Transferred Epithet is a type of Hypallage:
Hypallage is a literary device that is the reversal of the syntactic relation of two words (as in "her beauty's face").
One kind of hypallage, also known as a transferred epithet, is the trope or rhetorical device in which a modifier, usually an adjective, is applied to the "wrong" word in the sentence. The word whose modifier is thus displaced can either be actually present in the sentence, or it can be implied logically. For example:
"The plowman homeward plods his weary way, / And leaves the world to darkness and to me" (Thomas Gray, "Elegy Written in a Country Churchyard") — Weary way is a hypallage: it is the plowman, not the way, that is weary.
"restless night" — The night was not restless, but the person who was awake through it was.
"happy morning" — Mornings have no feelings, but the people who are awake through them do.
"female prison" — Prisons do not have genders, but the people who are inside them do.

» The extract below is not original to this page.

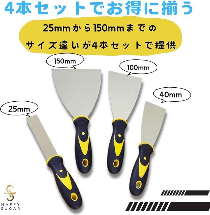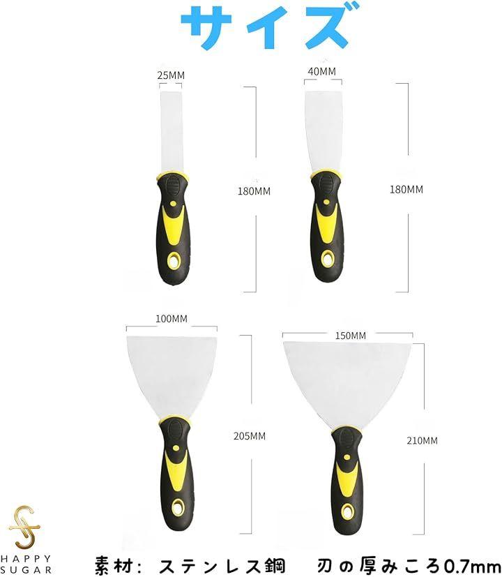 「商品詳細」(1)刃幅 25mm 全長180mm (2)刃幅 40mm 全長180mm (3)刃幅 100mm 全長205mm (4)刃幅 150mm 全長210mm 素材:ステンレス鋼 刃の厚みころ0.7mm

Another explanation: In a transferred epithet (also known as hypallage; literally "echange") the adjective or adverb is transferred from the noun it logically belongs with, to another one which fits it grammatically but not logically. So in "dreamless night" , dreamless is a transferred epithet. The exact meaning of the sentence is "night when I (or whoever) slept without dreaming," since a night can't actually dream anyway.
And one more: A transferred epithet is an adjective modifying a noun which it cannot logically modify, yet which works because the metaphorical meaning remains clear:
At length I heard a ragged noise and mirth of thieves and murderers. . . . --George Herbert
Blind mouths! that scarce themselves know how to hold/ A sheep hook . . . --John Milton
In an age of pressurized happiness, we sometimes grow insensitive to subtle joys.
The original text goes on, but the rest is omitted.